▸ EXERCISE:
Set down the final stretch of the data, from the line that holds "Ich habe am" through the last line, both included, with pictures left out.

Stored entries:
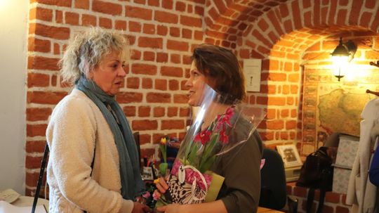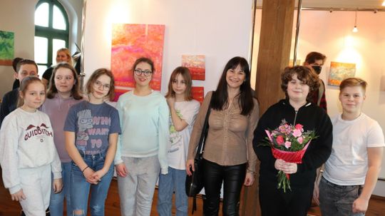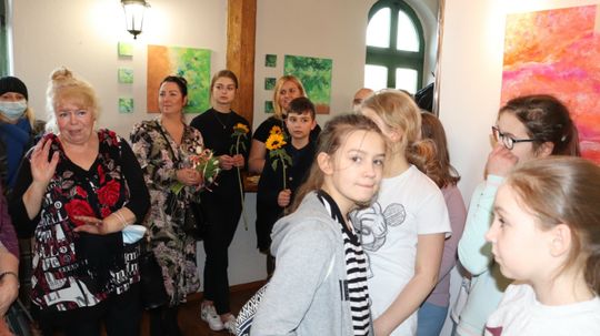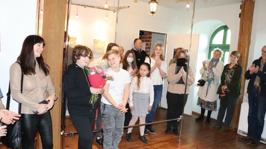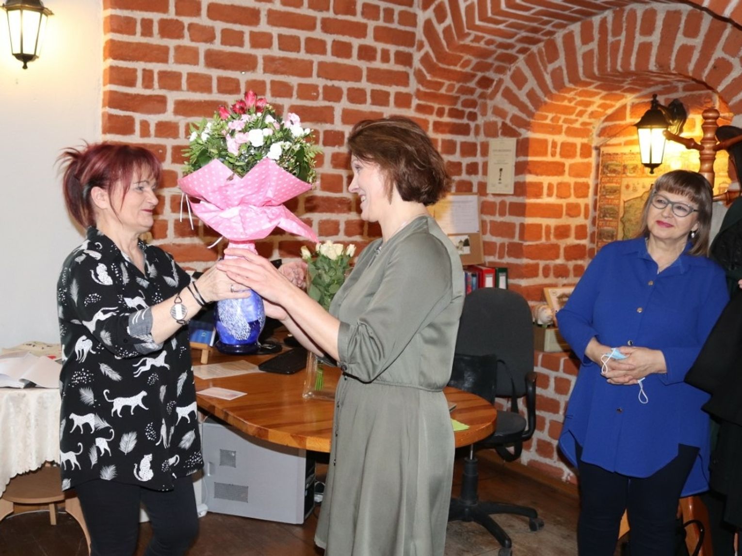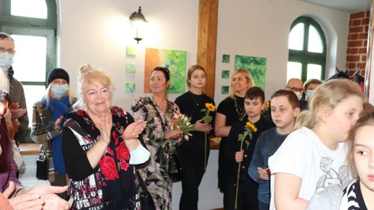 W galerii zebrało się liczne grono przyjaciół i członków rodziny artystki, na co dzień czynnie związanej z Galerią Brama. Nie zabrakło kwiatów i gratulacji.
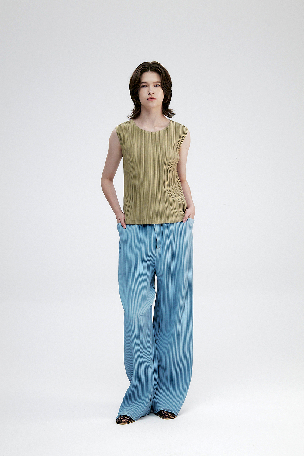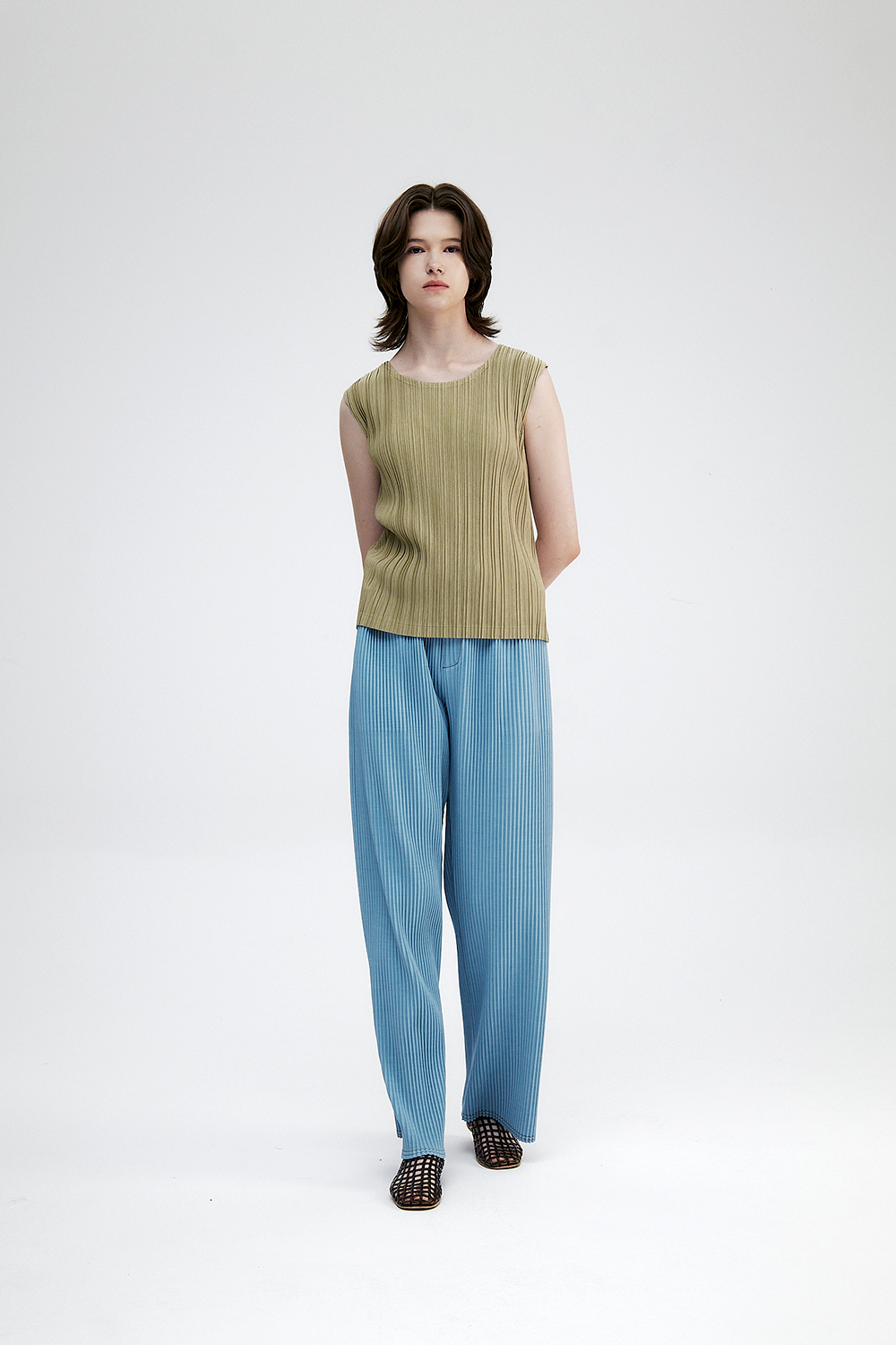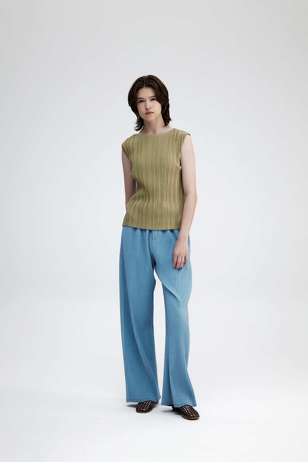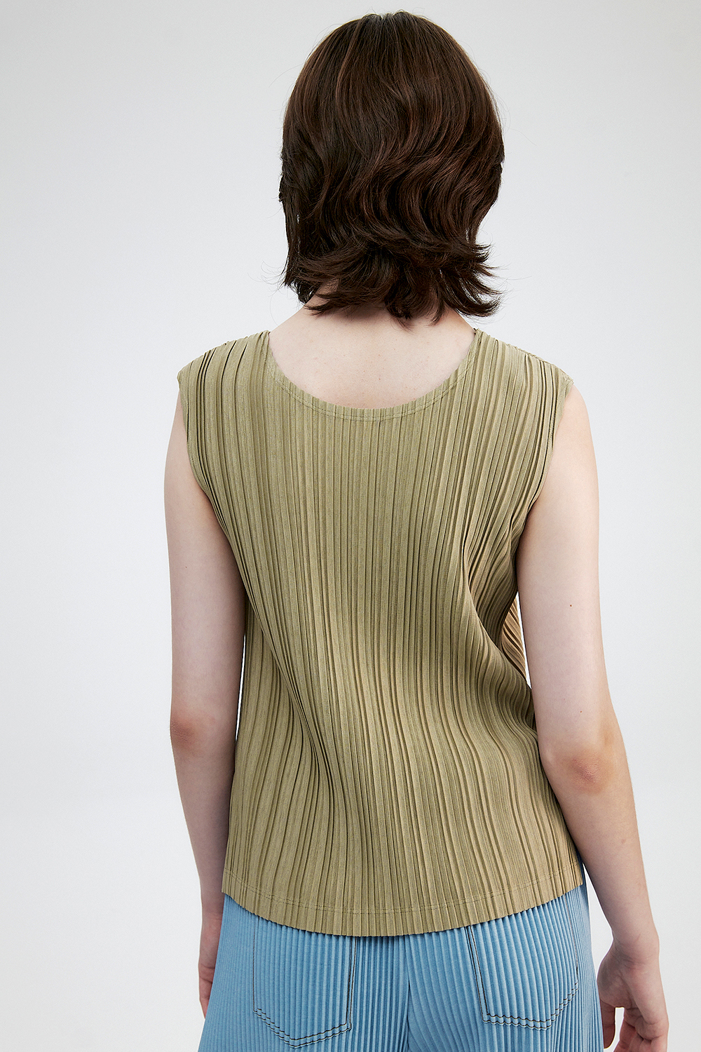 몽플리쎄 여성 투웨이 라운드넥 슬리브리스 저지 플리츠 탑 베이지
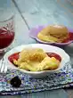 Bring milk, 1/8 litre water, salt and butter to the boil in a saucepan. Add the flour at once and stir with a mixing spoon until the dough separates as a lump from the bottom of the pot (burn off). Put the dough into a mixing bowl and stir in the eggs one by one with the whisk of the hand mixer. Pour the choux pastry into a piping bag with a central star-shaped spout and spray 20 small (relatively flat) profiteroles onto a baking tray lined with baking paper. Fill an ovenproof dish with water and place on the bottom of the oven. Bake in the preheated oven (electric range: 200 °C/ convection oven: 175 °C/ gas: level 3) for 20-25 minutes. Take the finished cream puffs out of the oven and let them cool down.
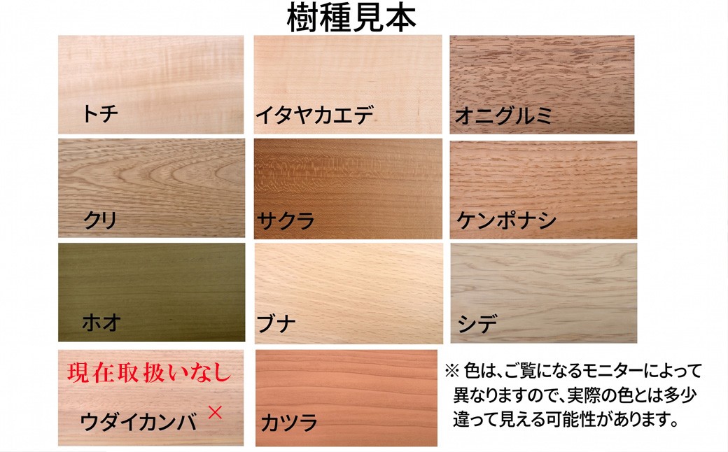 フレームの樹種はバランスをみて、こちらで3種類を選ばせていただきます。
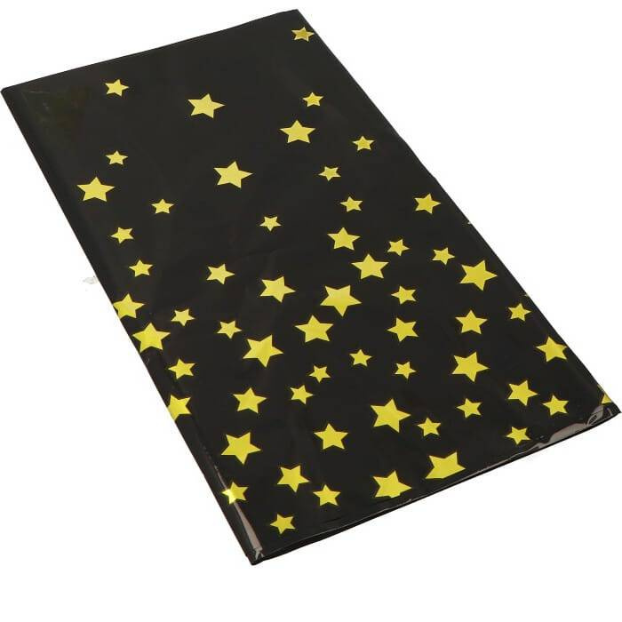 Obrus foliowy CZARNY w złote gwiazdki 137 x 274 cm
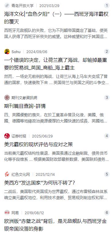 你看这历史是不是惊人的相似?西班牙、荷兰、英国,再到今天的美国,这几个昔日的霸主倒下去,原因翻来覆去就那么几条:要么是钱来得太容易,要么是光想着靠武力欺负人,要么是脱离了实体生意,光玩虚的。现在这个世界,早就不是谁拳头大谁说了算的时代了,多极化越来越明显。美国要是不吸取点教训,还是这么一味地靠借钱过日子、靠大棒吓唬人,恐怕也很难跳出这个“百年霸主”的周期律。
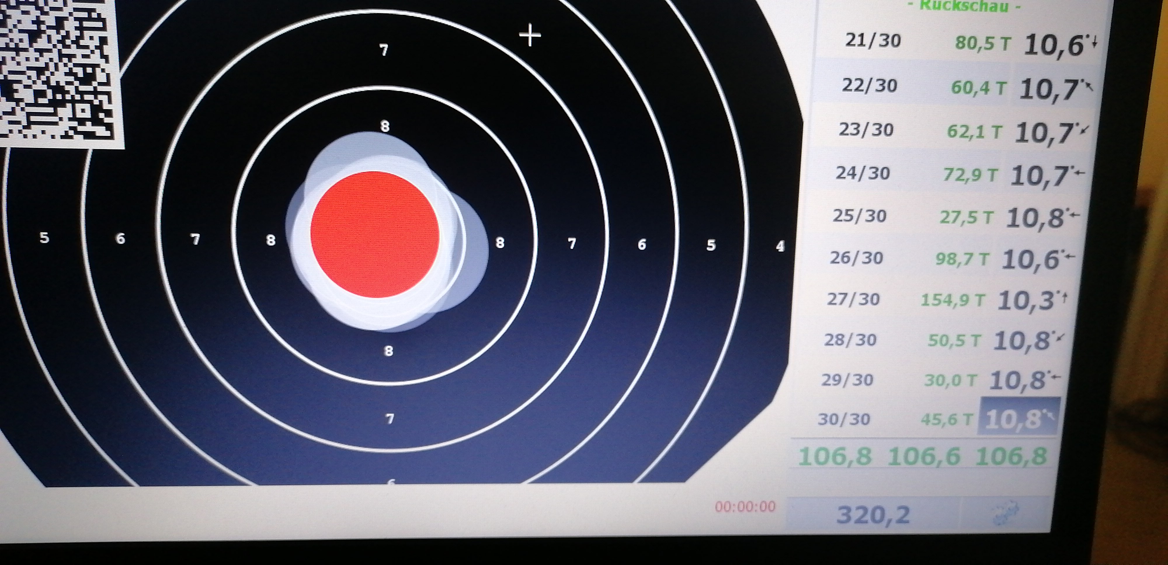 Ich habe am Montag noch mal sportliche 361 mit der Luftpistole rausgehauen. Da freue ich mich zwar, dass es nach längerer Zeit endlich wieder über die 360 komme, aber der letzte Schuss war ne 5 ![]()
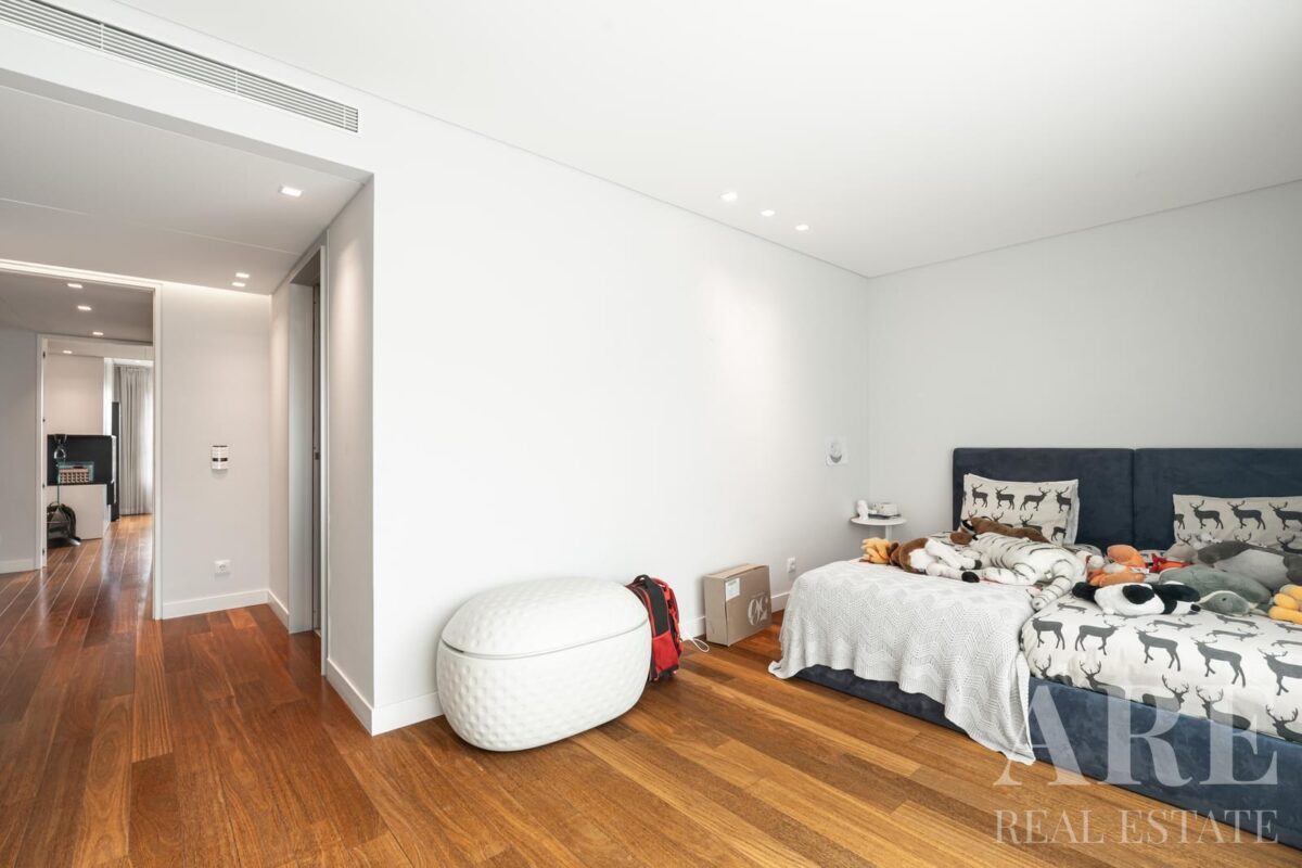O apartamento possui 7 casas de banho, garantindo conforto e conveniência para todos os ocupantes. A piscina exterior oferece uma opção de lazer ao ar livre, enquanto o ginásio equipado com máquinas de fitness proporciona uma alternativa para exercícios internos. A segurança é reforçada por uma equipa de segurança dedicada, garantindo tranquilidade aos residentes.

▸ RESPONSE:
 Ich habe am Montag noch mal sportliche 361 mit der Luftpistole rausgehauen. Da freue ich mich zwar, dass es nach längerer Zeit endlich wieder über die 360 komme, aber der letzte Schuss war ne 5 ![]()
O apartamento possui 7 casas de banho, garantindo conforto e conveniência para todos os ocupantes. A piscina exterior oferece uma opção de lazer ao ar livre, enquanto o ginásio equipado com máquinas de fitness proporciona uma alternativa para exercícios internos. A segurança é reforçada por uma equipa de segurança dedicada, garantindo tranquilidade aos residentes.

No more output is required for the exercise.